▶ _WHAT IS REQUIRED_
Leaving all pictures aside, copy exactly the lines from the start of the listing below through the line that contains "Join us for", and only those lines.

*****

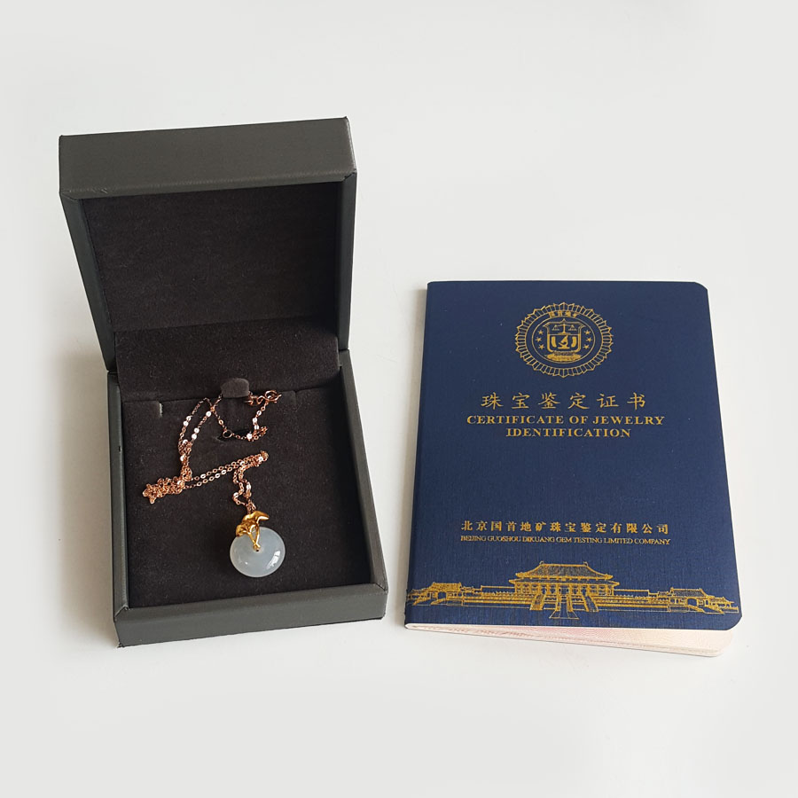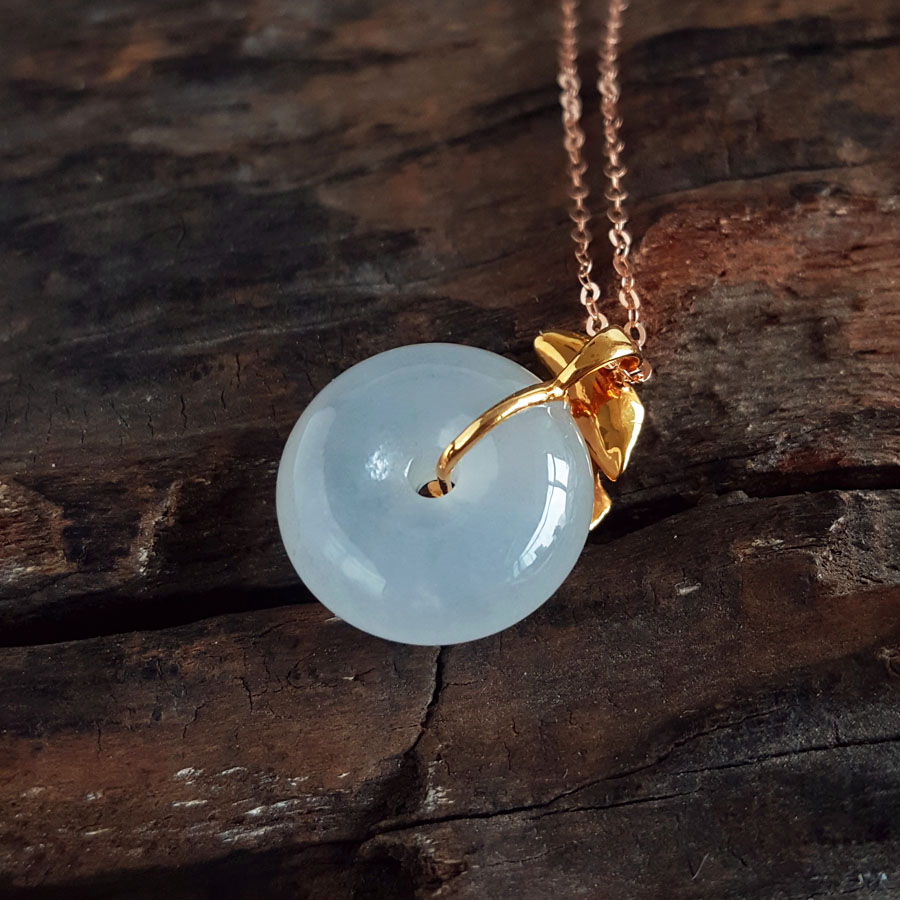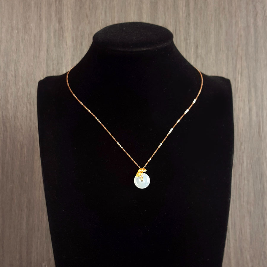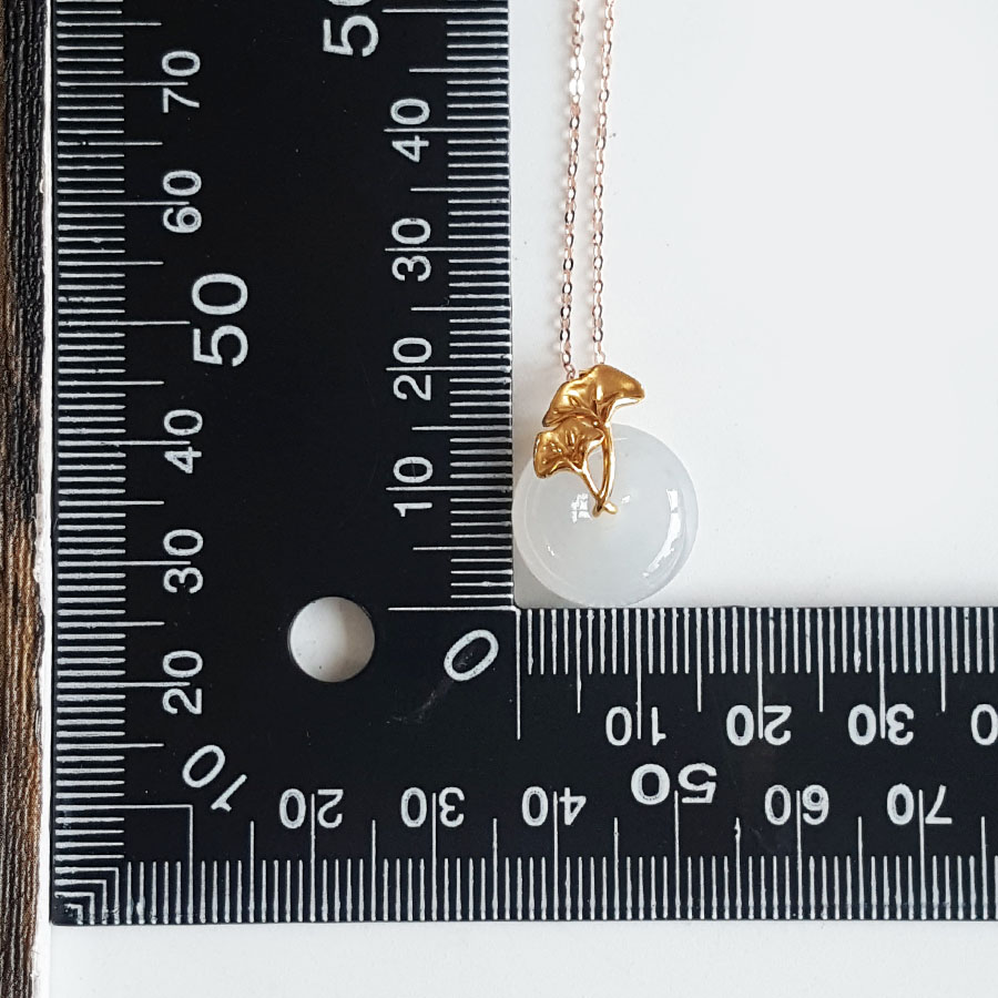 名称 | AU750黄金镶天然冰种白色平安扣造型翡翠吊坠项链 |
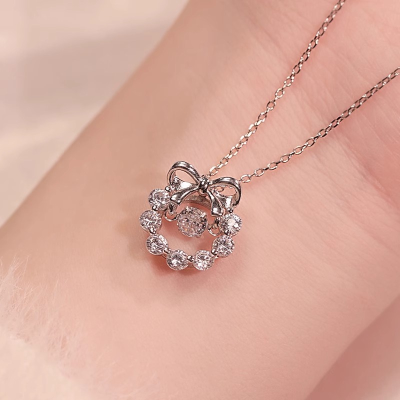 Bow Tie Sweet Necklace for Girls, Light Luxury Niche Clavicle Chain, Temperament Zircon Stainless Steel Necklace, Smart Pendant
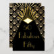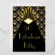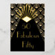Join us for a Roaring Time with this elegant and fun Art Deco Fabulous Fifty Birthday Invitation. This design perfectly captures the glamour of the 1920s and the Great Gatsby era. Featuring a bold geometric fan pattern in elegant black. It's the perfect choice for a sophisticated and memorable flapper-themed or Roaring Twenties 50th celebration, luncheon, or engagement party. The vintage Art Nouveau and Art Deco style is a stylish twist on a traditional invite.
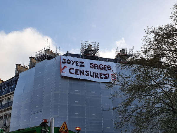 L’association a dénoncé ce matin l’arrestation de quatre de ces activistes qui avaient déployé une banderole « Soyez sages, censurez ! » aux abords du Conseil constitutionnel. « Ces arrestations arbitraires et pour des actions symboliques se multiplient, portant atteinte à notre droit de manifester », écrit l’association sur Twitter.
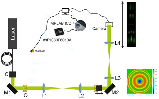 The optical system is schematically shown in Figure 2. A beam coming from the laser is collimated by the fiber collimator C. Next, it is deviated by the mirror M1 followed by two aligned 4-f systems. A two-dimensional object was placed at the primary focal plane of the first lens L1 of the first 4-f system. A horizontally and vertically flipped copy of the original object was formed at the secondary focal plane of the second lens L2 of the first 4-f system. At this plane, a horizontally orientated slit was scanned vertically to cut out the vectors or one-dimensional phase objects to be retrieved. These objects were distorted one-dimensional wavefronts that were selected randomly. The size of the two-dimensional object was 64 by 64 pixels, and the 21st, 33rd, and the 55th (counting from the bottom) vectors were selected as objects. As mentioned in Section 2.1, these one-dimensional wavefronts were the objects to be retrieved by the MPGS algorithm. The slit was followed by the mirror M2 that, in turn, was followed by the second 4-f system, which consisted of the lenses L3 and L4. A camera was moved around the secondary focal plane of the second lens L2 of the second 4-f system to capture the Fresnel diffraction patterns at all planes. The bit depth of the camera was 8 bits. Centroids were calculated from the diffraction patterns captured at the central plane . The data were leveled in software Gwyddion as there was tilt present in the retrieved vectors. The tilt was due to the shifts of centroids from one plane to another; meanwhile, during data processing, the coordinates of the centroid were fixed. During data processing, the centroid of the central image was always used.
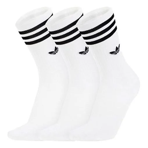 adidas originals Solid Color logo Sports Basketball Socks 3 Pairs White DX9091

*****

▶ _ANSWER FOR THE TASK_
 名称 | AU750黄金镶天然冰种白色平安扣造型翡翠吊坠项链 |
 Bow Tie Sweet Necklace for Girls, Light Luxury Niche Clavicle Chain, Temperament Zircon Stainless Steel Necklace, Smart Pendant
Join us for a Roaring Time with this elegant and fun Art Deco Fabulous Fifty Birthday Invitation. This design perfectly captures the glamour of the 1920s and the Great Gatsby era. Featuring a bold geometric fan pattern in elegant black. It's the perfect choice for a sophisticated and memorable flapper-themed or Roaring Twenties 50th celebration, luncheon, or engagement party. The vintage Art Nouveau and Art Deco style is a stylish twist on a traditional invite.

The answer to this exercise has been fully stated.